石川苍太在兄长目光的注视下,身体绷得更紧,但眼中却立时涌起难以抑制的波澜。
他深吸一口气,向前迈出一步,以无可挑剔的、极其郑重的姿態,对著石川隆一,深深的,標准的鞠了一躬。
“兄长,我回来了!”
他的声音微微有些发颤,却异常坚定,带著重逾千钧的分量。
这一躬,是弟弟对兄长的敬重,是归家的游子对家长的稟报,更是......一个即將踏上全新征途的石川组长,对自己背后那位真正执棋者的宣誓与臣服。
石川隆一看著弟弟弯下的脊背,眼中的暖意又多了一分。
他轻轻点了点头。
“嗯。”
他迈步走进客厅,就像弟弟的回归和那郑重的一礼,只是今晚回家后一件再平常不过的事情。

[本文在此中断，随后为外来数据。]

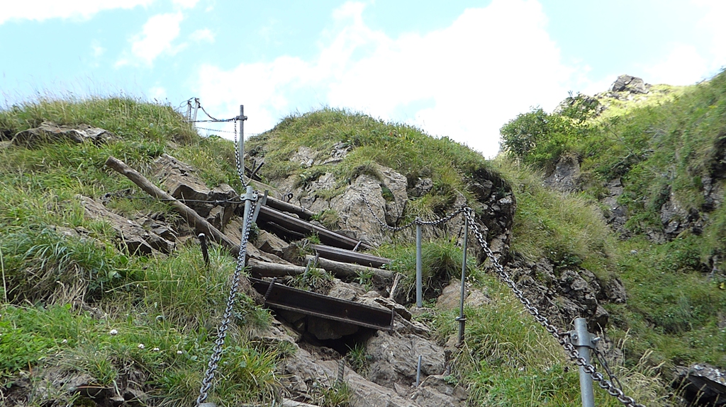 Allerdings sind alpine Bergsteigerkünste nicht erforderlich. Dank einer guten Drahtseilsicherung ist die Musfalle sehr gut zu erreichen. Im Anschluss führt der Weg weiter über ein breites Gras- und Geröllband, dann wandert man eine Zeit entlang einer Felswand.

石川隆一走到坐垫前,將公文包放下,隨即转身,看向已经直起身,目光灼灼望著自己的石川苍太。
“吃过饭了吗?”
他像询问一个晚归的家人。
“在......在外面用过了。”
石川苍太连忙回答,心中那根紧绷的弦,因为兄长这寻常的一句问话,奇异的鬆弛了一些,隨之而来的是更深的暖流。
兄长还是那个兄长,无论自己在外面经歷了什么,获得了什么身份,在其面前,自己首先永远是弟弟。
石川隆一盘膝而坐,指了指对面的位置。
“那就好。坐吧。跟我说说,神户那边,冈田组长都给了你些什么?还有,你带回来多少人?”
没有多余的温情铺垫,直接切入正题。
这才是他们兄弟之间应有的对话方式。
石川苍太依言坐下,腰背依旧挺直,可神情已然放鬆了不少。
他开始向兄长详细匯报神户之行,匯报冈田一雄的安排,匯报那五十名精挑细选的手下,匯报自己对东京局势的初步分析和担忧....
夜色渐深,石川老宅客厅的灯光,却久久未熄。
一对久別重逢的兄弟,正在这静謐的夜里,进行著一场將对未来东京地下格局產生深远影响的谈话。
石川隆一的布局中,最后也是最关键的一枚活棋。
他的弟弟,石川苍太,已然就位。
而东京的暗面,即將因为这对兄弟的联手,掀起更加汹涌的暗流。